WHAT THIS TASK INVOLVES -> Everything below from the line with "测试:主打汽车性能测试,首创" through the line with "シボが細かく落ち感も綺麗、一" must be retyped exactly, except the pictures.

DATA ->

════════════════════

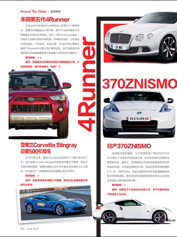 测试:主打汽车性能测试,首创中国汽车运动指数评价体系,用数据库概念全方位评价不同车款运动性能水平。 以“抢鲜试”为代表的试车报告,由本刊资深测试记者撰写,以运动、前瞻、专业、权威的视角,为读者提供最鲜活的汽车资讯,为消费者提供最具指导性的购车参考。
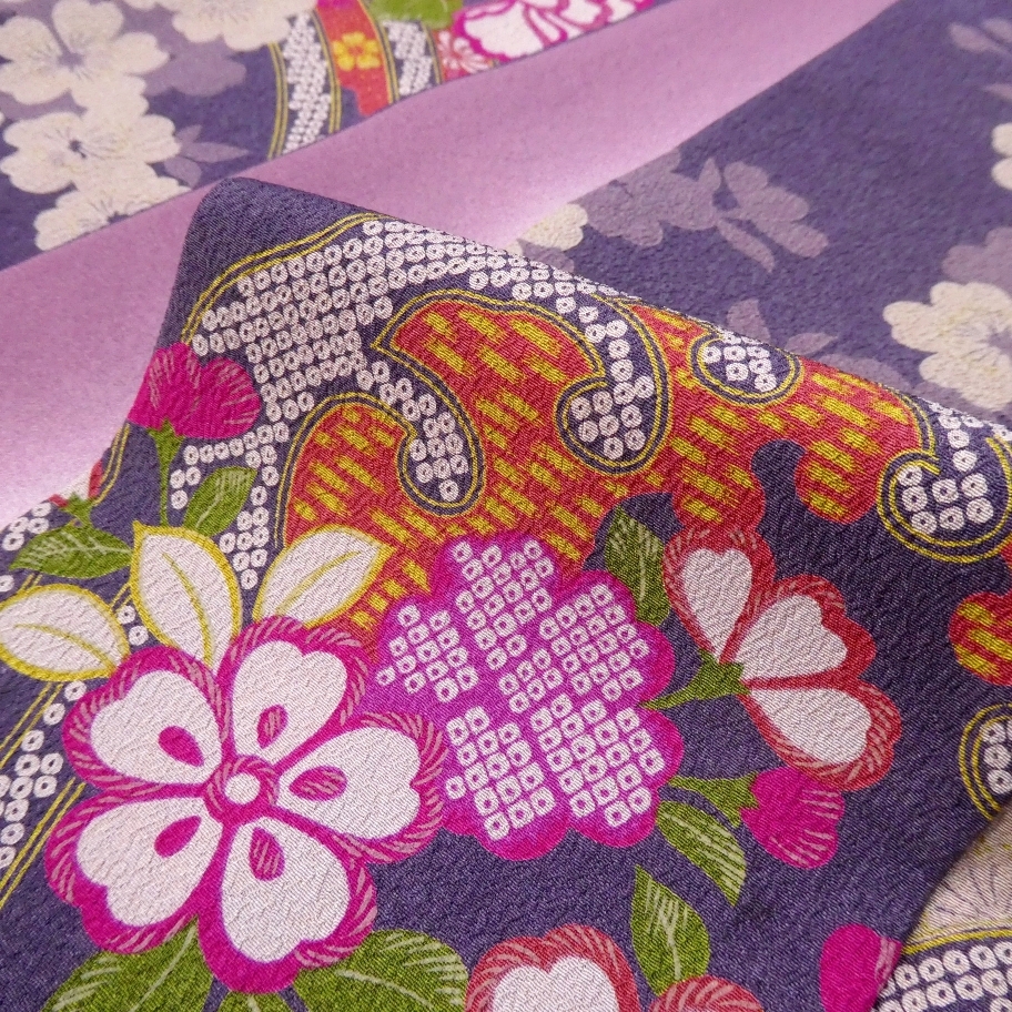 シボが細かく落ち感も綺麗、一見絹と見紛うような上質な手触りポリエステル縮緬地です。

════════════════════

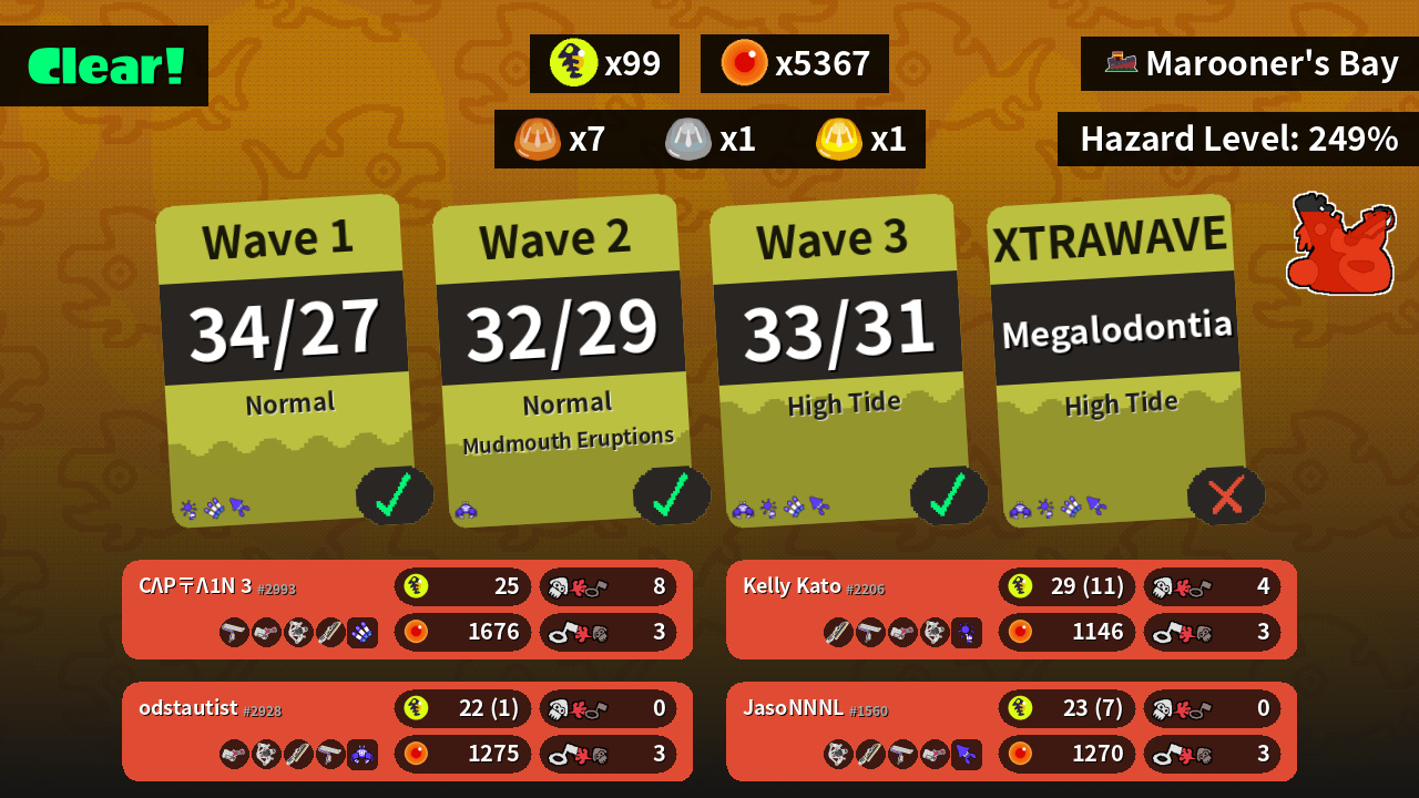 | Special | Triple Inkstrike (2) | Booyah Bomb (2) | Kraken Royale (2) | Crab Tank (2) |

════════════════════

RESPONSE TO THE TASK ->
 测试:主打汽车性能测试,首创中国汽车运动指数评价体系,用数据库概念全方位评价不同车款运动性能水平。 以“抢鲜试”为代表的试车报告,由本刊资深测试记者撰写,以运动、前瞻、专业、权威的视角,为读者提供最鲜活的汽车资讯,为消费者提供最具指导性的购车参考。
 シボが細かく落ち感も綺麗、一見絹と見紛うような上質な手触りポリエステル縮緬地です。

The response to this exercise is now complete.